I fell in love with Woody Allen as a young girl, trying to survive the desolate Pennsylvania winters by reading things no one else in my peer group found interesting. Lying next to the heat vents after being dragged out of giant snow drifts by my very tall father, I wanted nothing more than to be warm, dry and somewhere else. Being nine, there was no option for my escape that didn’t involve words on a page; fortunately, that has and will always be my favorite form of travel, anyway. So I found this book called “Without Feathers” and felt super smart because I knew it was a reference to Emily Dickinson. I started reading these strangely funny short pieces, realizing quickly that I wasn’t understanding half the pages I was turning, but still laughing out loud every now and again.
It was “The Whore of Mensa” that won my heart. Yes, at that age, I was aware of MENSA, having spent hours in my aunt’s beauty shop rummaging through back issues of Reader’s Digest so I could take every condensed IQ and MENSA sampler quiz they published. I was kind of aware of whores, but less as a career concept and more as something boys called girls who liked fooling around. The idea of a woman’s mental companionship being valued equally as her tits and ass just rocked my little girl world. I think I really believed, premenstruation, that I might one day meet guys who would fall in love with me because I was smart and extremely well-read. Sigh!

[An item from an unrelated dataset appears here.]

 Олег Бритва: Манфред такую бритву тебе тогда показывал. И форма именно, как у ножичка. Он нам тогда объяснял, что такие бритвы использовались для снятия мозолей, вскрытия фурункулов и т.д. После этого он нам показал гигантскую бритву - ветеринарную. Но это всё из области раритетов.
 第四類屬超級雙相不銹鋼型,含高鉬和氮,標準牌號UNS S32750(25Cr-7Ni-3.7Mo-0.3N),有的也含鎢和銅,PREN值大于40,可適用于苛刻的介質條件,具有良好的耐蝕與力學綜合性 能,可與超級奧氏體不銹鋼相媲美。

This single book was my introduction to Woody Allen, and I enjoyed his writing without ever looking deeper. It wasn’t until college that my dear friend Jonathan Manitsky introduced me to Woody as a stand up comic and as a movie auteur. Jon’s greatest gift was his ability to retell, in the most charming Brooklyn accent I’d ever heard, the story of the moose (And there's a law in New York state against driving with a conscious moose on your fender Tuesdays, Thursdays, and Saturdays.) It was laugh-out-loud funny to me, and never failed to pick me up when college was beating me down. But just listening second-hand wasn’t enough for Jonathan. He needed me to really know Woody, and wanted to be the one to finally introduce us. So I saw Love and Death, Sleeper, Bananas, Take the Money and Run, Manhattan, Annie Hall, Zelig and more. I became a fan.

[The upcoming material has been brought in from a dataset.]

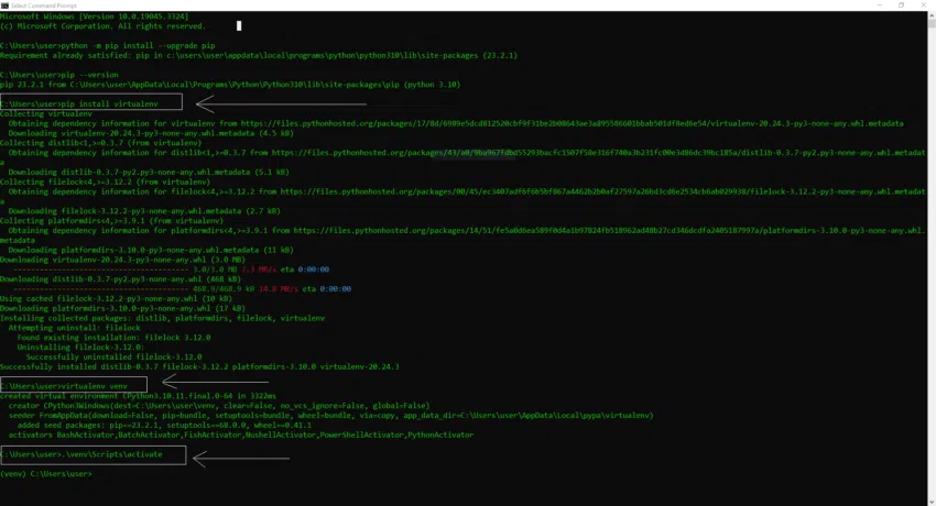 - ติดตั้งมันโดยใช้คำสั่ง: pip install virtualenv

Tuesday night, I found myself loaning my prized box set, Getting Even/Without Feathers/Side Effects, to another Woody.

Woody Battaglia hasn’t been doing stand up for very long. As a matter of fact, I think I may have witnessed his 64th performance this week at Acanthus open mic. Woody’s jokes are often about unusual things: like the way the Cold War might have been an entirely different event if Stalin hadn’t had to do his own laundry; tales of Citizen Kat, spelled with a K because Orsen Welles didn’t care about the soft C; bending his sex partner over the Scrabble board, so her rack bounces against the tile rack. I love these jokes: the Scrabble one, because the version of the game I invented in high school involved double-entendre answers that served as geek girl foreplay; the Orsen Welles references resonate because I, too, grew up with those horrible Paul Mason commercials (we will sell no wine before its time); and, finally, the Stalin starch adventure, because it reminds me of Woody Allen’s “The Metterling Lists”, the first piece in Getting Even.

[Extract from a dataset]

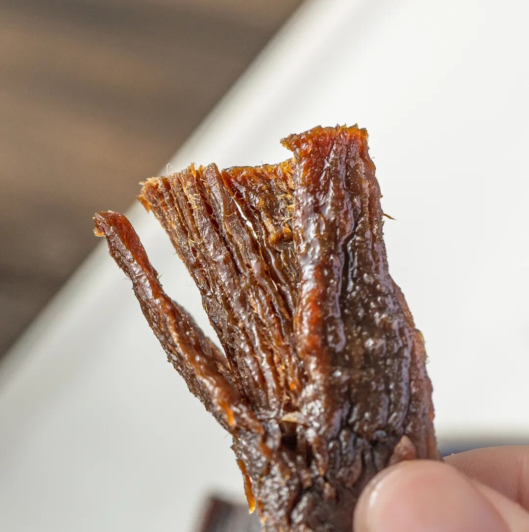 口感是韧韧有点嚼头的那种,但完全不会发硬难咬,就像是吃自己家里切片烤干的肉,不过调味好很多。

Woody B is well-loved here in the Rochester comedy scene. He has encouragement for everyone who takes the mic, he’s fearless in his own right. His laugh makes every joke sound like a winner. While I am not certain stand-up is the right vehicle for his humor, I remain convinced he’s one funny, funny man. And so, Tuesday night, I placed my treasured books on a table in front of him and encouraged him to read. I’m hoping he is inspired and turns the Stalin bit into an essay. Maybe fleshes out the Orson Welles reference into something longer, quirkier, about Citizen Kat.

In the meantime, you and I are lucky! Woody and his friends have completed the first episode of “The LETTERHEADS”, a mocku-podcast from a creative writing group who strive to spread wisdom about the writing process to their listeners. You can download episode one free on iTunes, and look for future episodes every fourth Thursday. If, like me, you have any love for radio shows – I can’t imagine my life without the 12 original episodes of The Hitchhiker’s Guide to the Galaxy– you will appreciate this little gem. Download it. Give it a listen. You’ll hear Woody as Manny and you will probably note, as I do, the warmth and laughter in his voice that can’t be hidden, even when playing the awkward, not-so-effective leader of this little band.

So Tuesday night was a great moment for me. I was able to share an old love – Woody A – with a new friend – Woody B – and now, it’s just a matter of time.